In the available key study (DuPont, 1976) the test item was investigated for eye irritating properties. Two albino rabbits received 0.1 mL of the undiluted test material into the conjunctival sac of one eye, whereas the other eye remained untreated and served as control. The eye of one animal was washed for 1 minute with tap water 20 seconds after test material instillation, whereas the treated eye of the second animal remained unwashed. The test item produced severe corneal opacity, mild to moderate iritis, and severe conjunctival irritation in an unwashed rabbit eye. At 21 days the eye was left with a corneal ulcer, almost total corneal pannus, and mild conjunctival irritation; whereas the iris was not visible. The eye treated with the test item and promptly washed had moderate to severe corneal opacity, moderate irritis, and severe conjunctival irritation. At 21 days there remained a corneal ulcer, > 3/4 corneal pannus, and mild conjunctival irritation; the iris was normal. In conclusion, the test item is a severe eye irritant, which produces irreversible ocular effects. Hence, the test substance meets the criteria to be classified for risk of serious damage to eyes (Xi, R41) according to 67/584/EEC and irreversible effects on the eye (Cat 1, H318) according to EC/1272/2008.
No study is available investigating the respiratory properties of the submission substance. However, data obtained from an acute inhalation toxicity study (Dow Chemical U.S.A., 1978) revealed strong irritating effects on the respiratory tract after inhalation exposure. 10 Fischer 344 rats per sex per dose were exposed to vaporised test material in a whole-body inhalation system for 1 and 6 h, respectively. The doses applied into the inhalation chamber were 40, 20, and 10 ppm (equal to 0.2533, 0.1267, and 0.0633 mg/L) for 1 h and 7, 4, and 2 ppm (equal to 0.0443, 0.0253, and 0.0127 mg/L) for the 6 h exposure duration. The LC50 determined was 4.4 ppm (equal to 0.0281 mg/L). In the 6 h exposure experiment rats exposed to the test material showed progressively increased signs of eye and nasal irritation and respiratory difficulties during treatment.

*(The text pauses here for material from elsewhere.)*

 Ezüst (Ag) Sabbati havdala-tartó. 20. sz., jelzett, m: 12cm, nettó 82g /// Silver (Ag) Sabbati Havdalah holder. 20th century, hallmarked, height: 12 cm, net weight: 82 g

Just after exposure there were signs of eye irritation, and dried dark red-brown exudate on the noses; respiratory difficulties appeared to have diminished, only slight rales being observable in a few rats. 16 h later there was evidence of severe respiratory distress in all animals exposed. Clinical signs in the animals treated for 1 h developed much more quickly than in the 6 hour exposure experiment. During exposures, all rats showed signs of eye and nasal irritation and respiratory difficulties. After exposure and a 30 min venting period, both male and female rats, showed diminished signs of respiratory difficulties, but did show laboured breathing, stains on their noses, and appeared lethargic.
The incidence of the effects observed showed a clear dose-relationship. Gross pathology revealed generally effects on the respiratory tract, as well as irritating effects to the eyes.

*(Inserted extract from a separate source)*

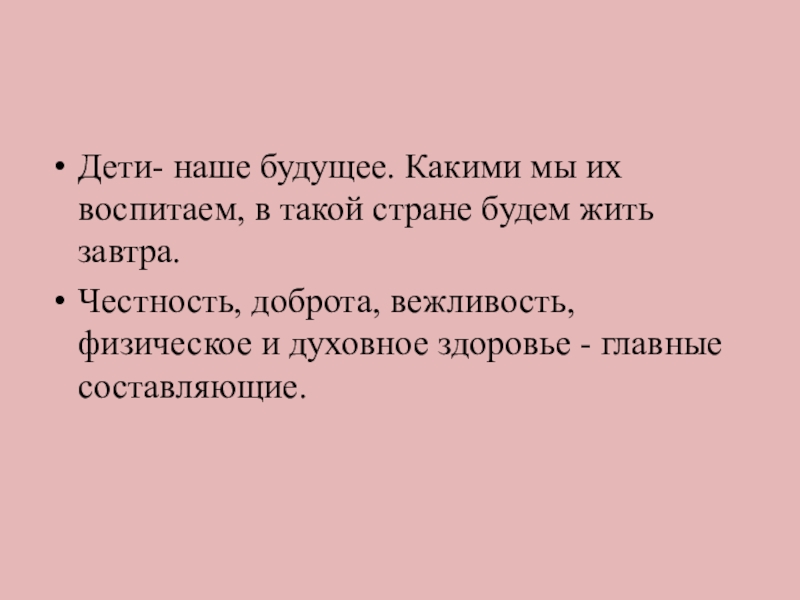 Дети- наше будущее. Какими мы их воспитаем, в такой стране будем жить завтра.Честность, доброта, вежливость, физическое и

Data obtained from the repeated dose toxicity study via the inhalation route (The Dow Chemical Company, 1980) also indicate irritating effects to the respiratory system. 20 Fischer 344 rats per sex per dose were treated with vapour of the test item in a whole-body inhalation system for 6 h/day and 5 days/week for 13 consecutive weeks at doses of 25, 80, and 250 ppb (equivalent to 1.583, 0.507, and 0.158 mg/m³), whereas control animals were treated with the vehicle only (air). At the end of the exposure period 10 animals per sex per dose were sacrificed. In order to assess the reversibility of treatment-related effects and to identify potential latent effects of exposure, the remaining 10 animals per sex per dose were maintained for further 30 and 90 days of observation, respectively. Although no clinical signs were observed, histopathological examination revealed hyperplasia of the respiratory epithelium lining the nasal turbinates was observed in 4/10 males and 5/10 females of the high dose group and 3/10 males of the mid dose group. However, the effect was reversible, since it was not observed in any of the recovery groups.

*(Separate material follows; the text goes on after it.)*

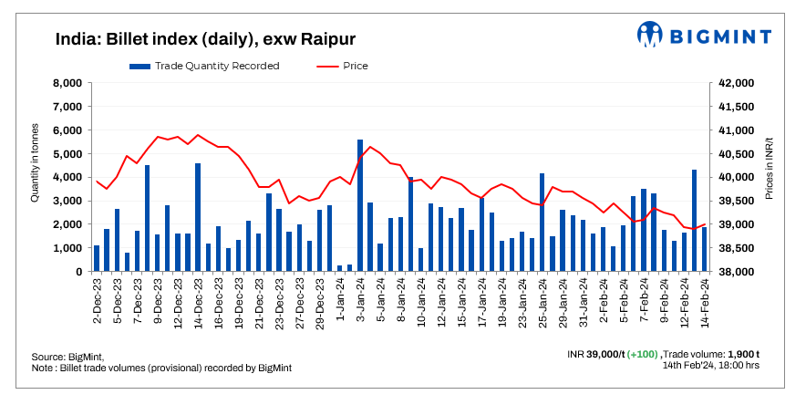 BigMint’s billet index increased by INR 100/t, reaching to INR 39,000/t exw-Raipur on 14 February, 2024.

In conclusion, the registered substance exhibits transient respiratory irritating properties in a dose-dependent manner. According to the Guidance on the Application of Regulation (EC) No 1272/2008, Section 18.104.22.168, the registered substance would meet the criteria for classification with STOT SE Cat 3 (H335, May cause respiratory irritation), since “Category 3 effects should be confined to changes, whether functional or morphological, occurring in the upper respiratory tract (…). Localised irritation with associated adaptive responses (…) may occur and are consistent with Category 3 responses.” However, due to the fact that rats are obligatory nasal breathing, the effects observed are considered to be less severe in humans. In addition, the substance meets the criteria to be classified as very toxic after inhalation (T+, R26 according to 67/584/EEC and Cat 1, H330 according to EC/1272/2008) and safety precautions conducted for acute inhalation toxicity will also cover the risk of respiratory irritation. This is in accordance with Annex I: 22.214.171.124.1 of the Guidance on the Application of Regulation (EC) No 1272/2008: “(e) this special classification would occur only when more severe organ effects including in the respiratory system are not observed”. In the acute inhalation toxicity study strong irritating effects on the respiratory tract were observed, which caused mortality and lead to the classification of acute toxicity via inhalation. In accordance with Section 126.96.36.199: “… a double classification for the same effect has to be avoided”, classification for respiratory irritation is considered superfluous and therefore not warranted.
The available data are reliable and suitable for classification. Based on this data, the registered substance meets the criteria to be classified for risk of serious damage to eyes (Xi, R41) and skin irritancy (Xi, R38) according to 67/584/EEC and irreversible effects on the eye (Cat 1, H318) and skin irritancy (Cat 2, H315) according to EC/1272/2008.
Information on Registered Substances comes from registration dossiers which have been assigned a registration number. The assignment of a registration number does however not guarantee that the information in the dossier is correct or that the dossier is compliant with Regulation (EC) No 1907/2006 (the REACH Regulation). This information has not been reviewed or verified by the Agency or any other authority. The content is subject to change without prior notice.Reproduction or further distribution of this information may be subject to copyright protection. Use of the information without obtaining the permission from the owner(s) of the respective information might violate the rights of the owner.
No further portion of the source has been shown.